Le décor tout d’abord, un bar, qui n’est en fait qu’un décor de théâtre sur une scène de théâtre. Bah évidemment, me direz-vous. Mais non ce n’est pas si évident car ce décor factice est vécu comme tel par les comédiens au sein même de la pièce. On parle de dédoublement. Le faux téléphone par exemple, sans fil avec un faux numéro de téléphone, se balade en dehors de la scène parmi le public pour relayer la conversation de plusieurs personnages.

Les lumières, poétiques, comme l’ambiance sonore et les musiques et extraits de films illustrent brillamment le propos qui se fait tantôt fort et exalté, tantôt triste ou mélancolique. Les lumières et le montage sonore apparaissent parfois comme un nouveau personnage que le protagoniste principal interpelle, écoute ou commente. Un voile de nostalgie tombe enfin sur la scène quand résonne dans l’alcôve feutré du théâtre le bruit charmant des touches d’une machine à écrire.

Et puis l’occupation de l’espace aussi. Edouard Baer commence par fendre la foule en orchestre en bousculant presque les strapontins au passage. Il joue sur scène, hors scène, et dans le public à plusieurs reprises. Le rythme est soutenu, dense, dynamique. ll stimule les spectateurs, les amuse, et les interroge.

Alors pas étonnant que son ancien professeur au cours Florent, Isabelle Nanty, ait participé à la direction du projet. Les talents apprennent des talents, et parfois l’élève dépasse le maître.

Edouard Baer, un talent complet et indiscutable

Il est presque seul en scène pendant toute la représentation. La force et le propos de la pièce reposent exclusivement sur ses épaules. Au total 1h30 d’un monologue dense, riche et intelligent qui ne fait que souligner davantage le talent incroyable de l’artiste. Le jeu est fluide, la diction impeccable, l’interprétation très juste, au point que souvent on reste en apnée tant le comédien nous transmet l’angoisse de son personnage tourmenté.

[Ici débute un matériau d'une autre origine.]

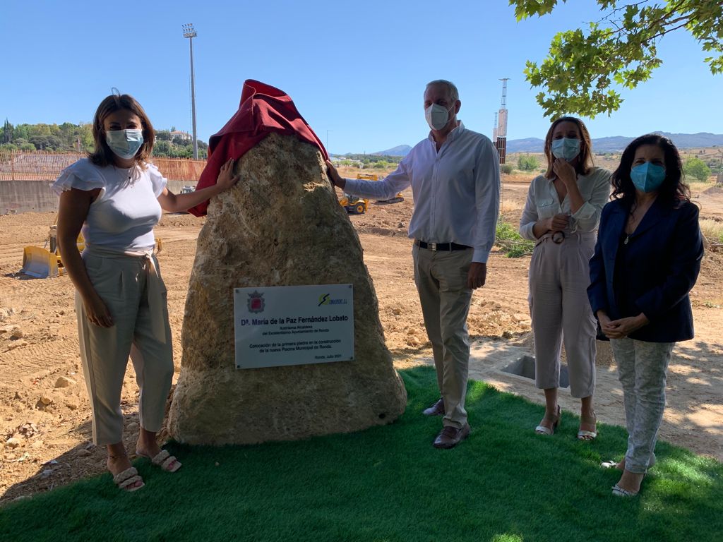 El Ayuntamiento de Ronda ha colocado la primera piedra de las obras de la nueva piscina municipal que ya han comenzado en unos terrenos situados a la entrada de la ciudad junto a la barriada de la Cruz de San Jorge y al lado de la ciudad deportiva. La alcaldesa, Mª Paz Fernández, junto a la segunda teniente de alcalde, Josefa Valle, la delegada de Obras, Concha Muñoz, el concejal de Deportes, Carlos Mirasol, el responsable municipal de Turismo, Ángel Martínez, técnicos municipales y responsables de la empresa encargada de los trabajos, han procedido a situar una cápsula del tiempo con elementos como monedas de curso legales o los periódicos del día junto a un monolito que recuerda la colocación de la simbólica primera piedra.

Mais en plus de son jeu d’acteur Edouard Baer est l’auteur de la pièce. Alors là chapeau car ce talent d’écriture on ne l’avait pas vu venir ! Ce monologue d’une heure trente est absolument superbe, plein d’oxymores, de poésie, de dérision, de fantaisie mais aussi de profondeur si bien que la réflexion du personnage devient universelle parmi les rangs.

Il y a aussi beaucoup d’humour, de l’auto-dérision, de l’ironie, des engueulades cocasses, des comiques de situation, de l’absurde. Les blagues et les anecdotes sont fines, drôles, et on ne se retrouve pas une seule seconde dans un schéma humoristique attendu ou déjà vu.

Enfin, il y a aussi des références à des personnages, un panthéon de destins et d’héros historiques comme Napoléon, André Malraux, Bukowski, Romain Gary, auteur d’Une Nuit sera calme, mais aussi des artistes français disparus comme Georges Brassens ou Jean Rochefort. La pièce donne aussi la parole à l’avocat dans La Chute d’Albert Camus. Et ce poème de Boris Vian lu à tour de rôle par Pierre Brasseur, Philippe Noiret, Jean-Louis Trintignant et Edouard Baer lui-même évoque au lointain un autre acolyte lecteur passionné qui aime faire partager son goût des mots et de la littérature française, Fabrice Luchini. La beauté des textes planent au dessus du public pour s’envoler, c’est poétique, magnifique, il y a de l’esprit. Et finalement on assiste à une rupture improbable avec ce retour en enfance par le personnage de Guignol et son gendarme pirate lorsque le public suit le comédien dans un élan participatif comique, léger et naïf.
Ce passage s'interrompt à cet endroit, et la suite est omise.